[Record excerpts]
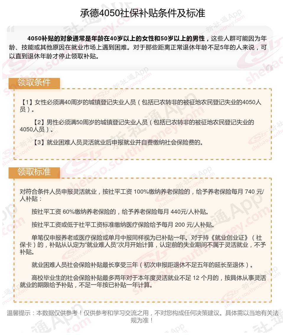 2025承德4050补贴主要针对的是年龄在40岁以上的女性和50岁以上的男性,这些人群通常因为年龄较大而面临就业困难。
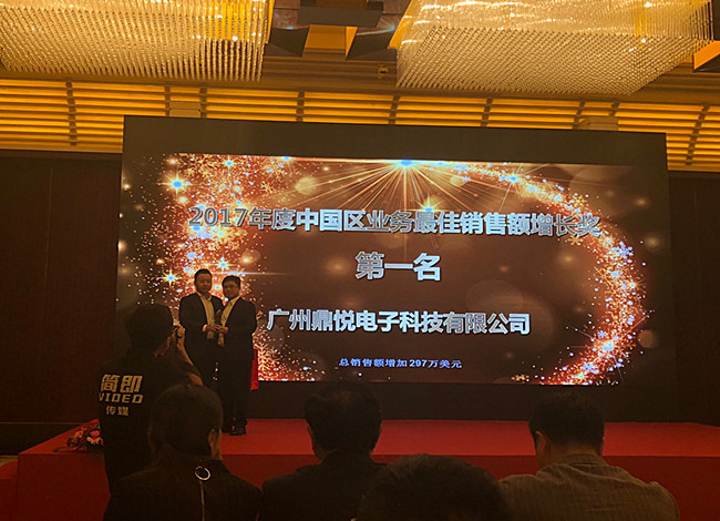 2018年3月15日歐姆龍電子部品(中國)統轄集團代理商年會上頒發的代理商獲獎事項,而我們廣州鼎悅電子科技有限公司榮獲”2017年度中國區業務最佳銷售額增長獎“
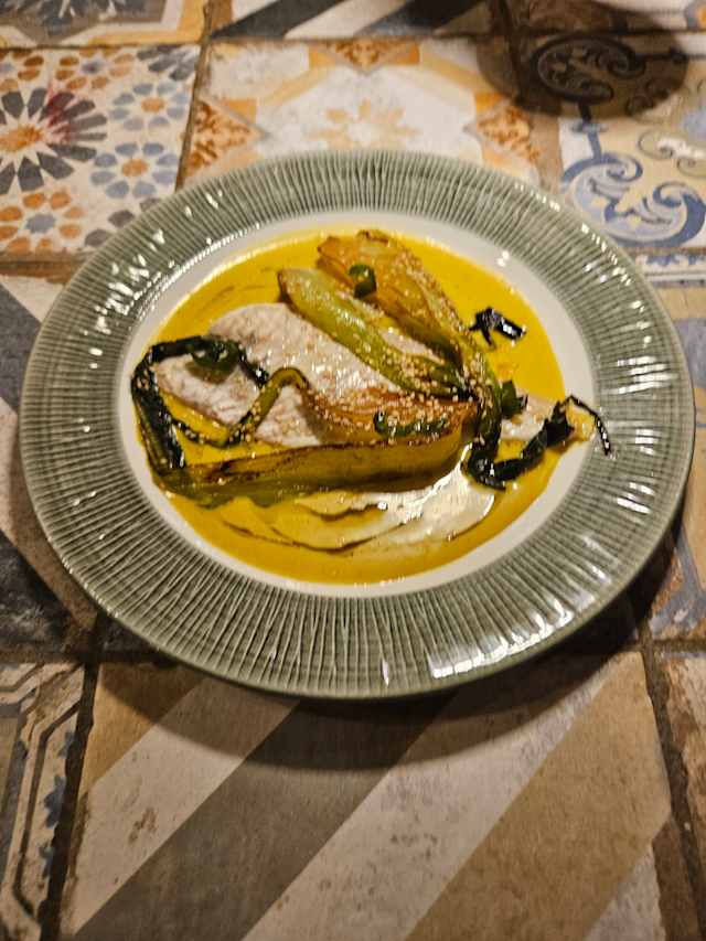 - Coda di rospo avvolta in foglie di porro, crema di cardi, lenticchie beluga e biete al limone
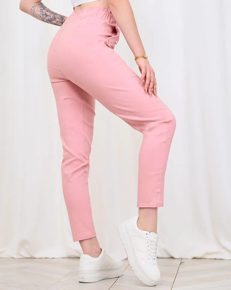 - Proste spodnie damskie wykonane z bawełnianej tkaniny. Model posiada gumę w pasie oraz dwie kieszenie. Wygodne i komfortowe! UWAGA: Dokładność pomiaru (+/-) 1 cm.
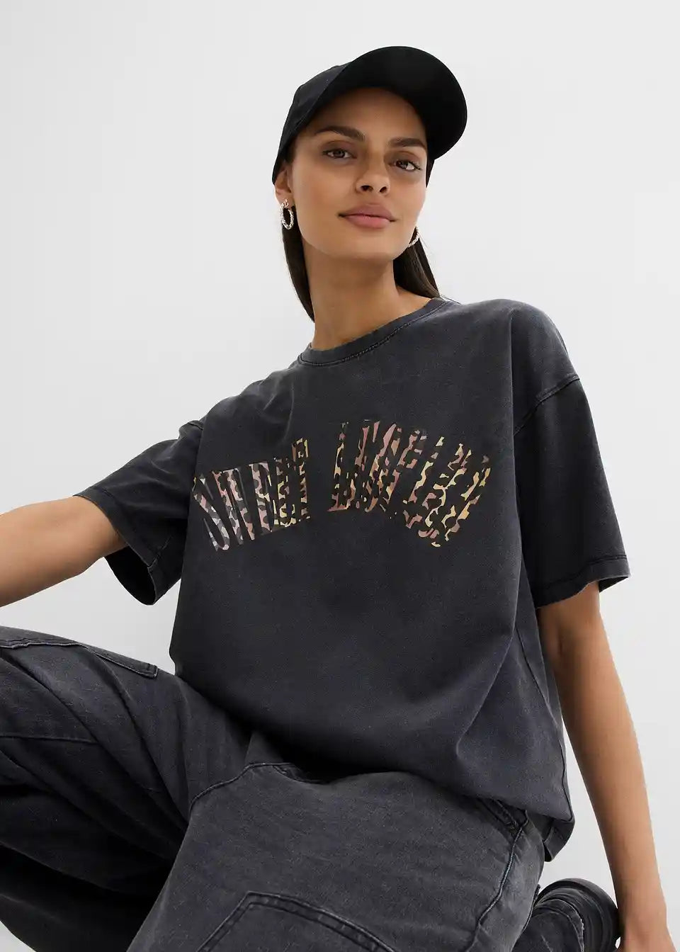 Ležerna Oversized T-Shirt majica s Leo natpisom i laganim ispranim efektom
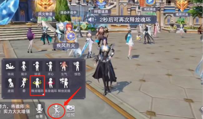 2、打开之后,里面除了有有一些简单的动作之外,还有释放魂环这一项,我们只需要点击就可以显示自己的魂环了。
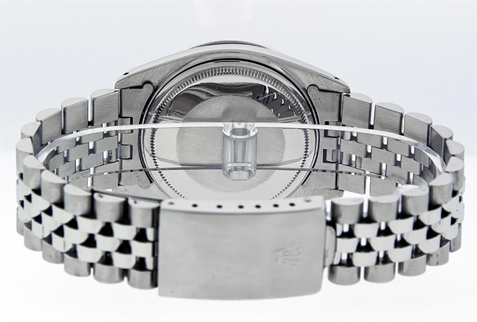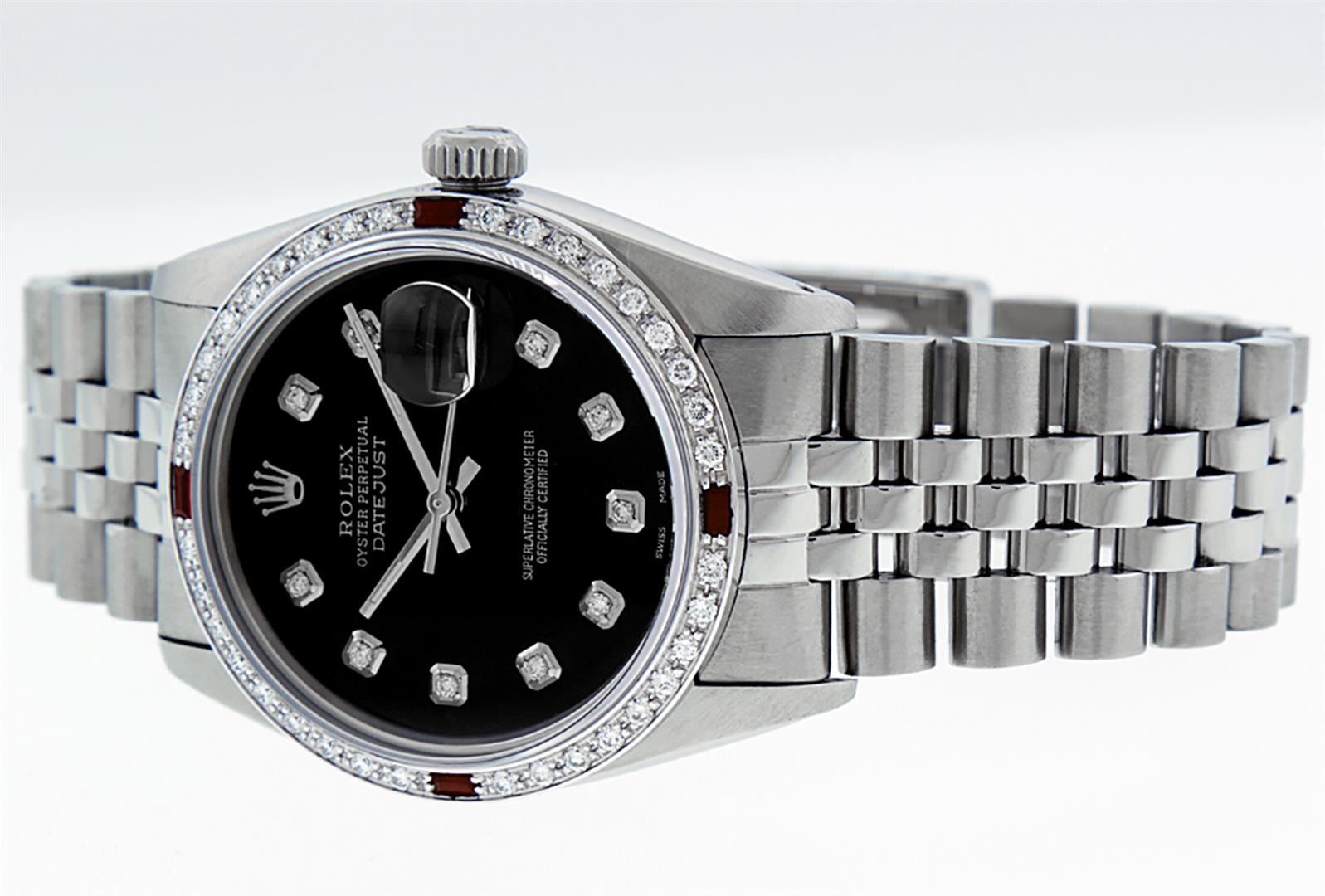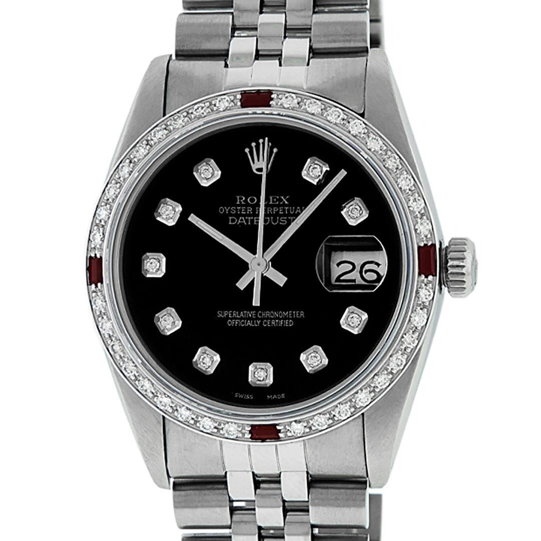 One Mens Pre Owned Stainless Steel Rolex Datejust Polished, Serviced & Electronically Tested, Rolex Stainless Steel Case: 36mm, Rolex Stainless Steel Crown, Custom Bezel: New 18K White Gold Ruby Bead set Diamond Bezel, Diamond + Gem Count: 36 Diamonds + 4 Rubies, Clarity: SI-VS, Color: G to H. Custom Crystal: New Sapphire With Date Window. Custom Hands: New Luminescent Hands. Rolex Movement: Automatic Winding Movement. Custom Dial: Refinished To Black With Custom Added Diamonds, 10 Diamonds in Dial, G To H In Color, Clarity: SI-VS. Date Window: 3 O'clock Position Date Display, Quickset, Model: Datejust. Condition: G-6 Extra Fine. Rolex Bracelet: Stainless Steel Jubilee Band. Bright Polish & Satin Finish. 7.0 Inch Length, Adjustable. Standard Clasp, With Rolex Logo. This Watch Has Been Serviced Time Tested And Is In Excellent Condition It Is Free Of All Scratches And Dents.
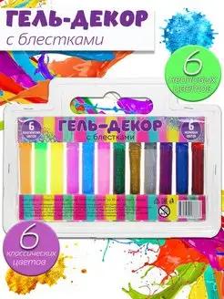 Гель-декор с блестками 6цв.классика+ 6цв. неон по 10мл
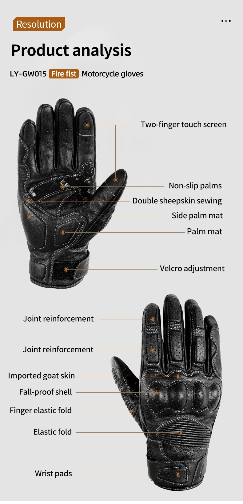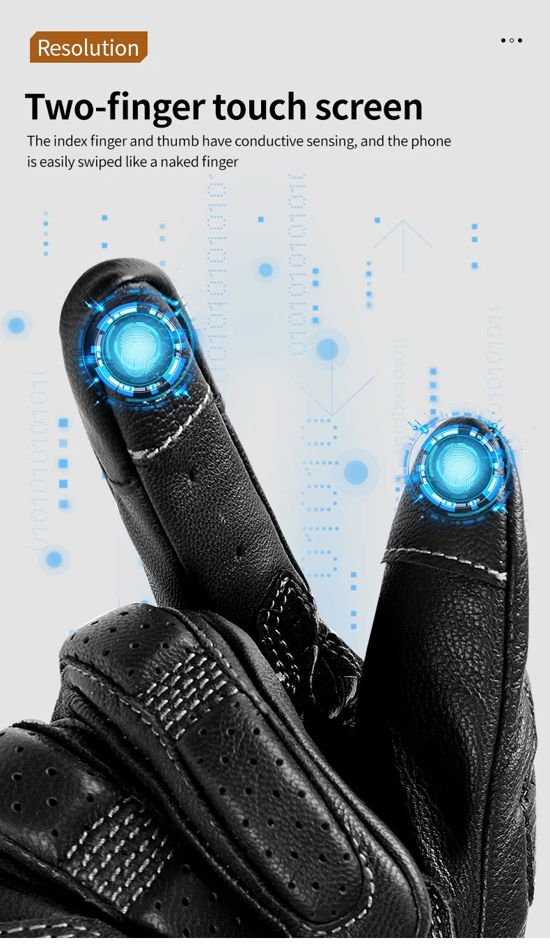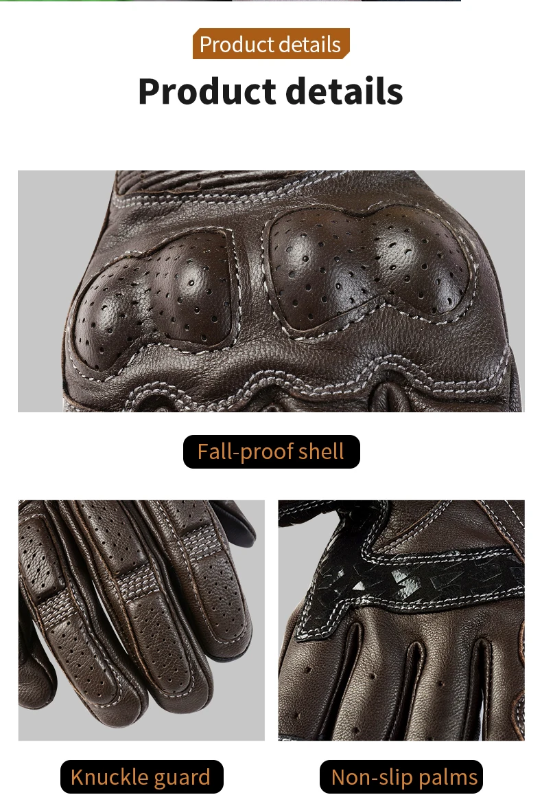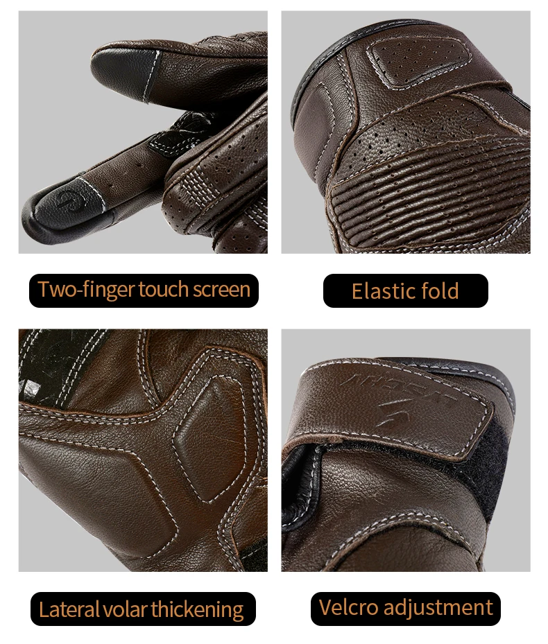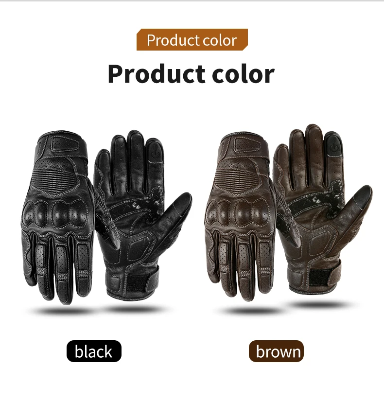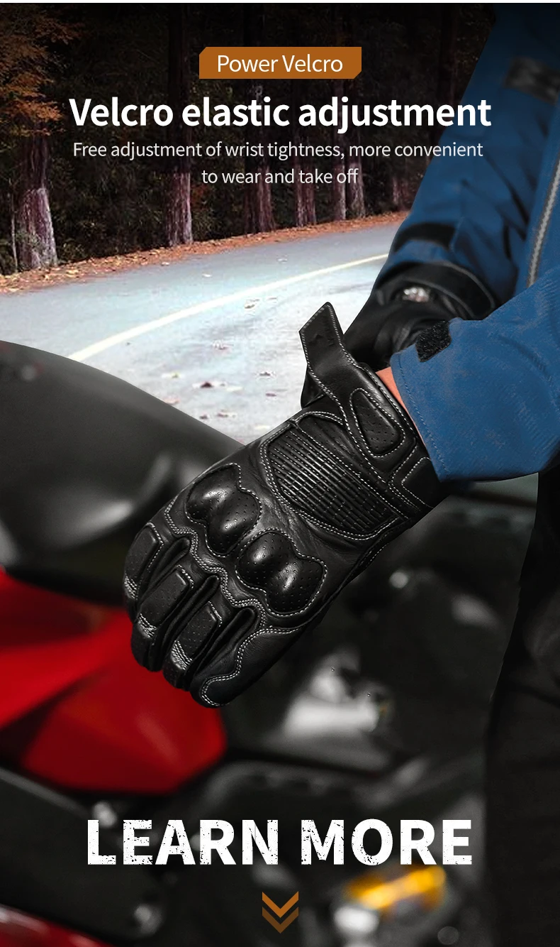 LYSCHY Motorcycle Leather Gloves Soft Goat Skin Full Finger Gloves Drop-proof Touch Screen Breathable Off-Road Gloves

[Requirement] Pictures should not appear in the copy. Write out exactly the lines above from the first one through the line that contains "2、打开之后,里面除了有有一".

[Solution for this problem]
 2025承德4050补贴主要针对的是年龄在40岁以上的女性和50岁以上的男性,这些人群通常因为年龄较大而面临就业困难。
 2018年3月15日歐姆龍電子部品(中國)統轄集團代理商年會上頒發的代理商獲獎事項,而我們廣州鼎悅電子科技有限公司榮獲”2017年度中國區業務最佳銷售額增長獎“
 - Coda di rospo avvolta in foglie di porro, crema di cardi, lenticchie beluga e biete al limone
 - Proste spodnie damskie wykonane z bawełnianej tkaniny. Model posiada gumę w pasie oraz dwie kieszenie. Wygodne i komfortowe! UWAGA: Dokładność pomiaru (+/-) 1 cm.
 Ležerna Oversized T-Shirt majica s Leo natpisom i laganim ispranim efektom
 2、打开之后,里面除了有有一些简单的动作之外,还有释放魂环这一项,我们只需要点击就可以显示自己的魂环了。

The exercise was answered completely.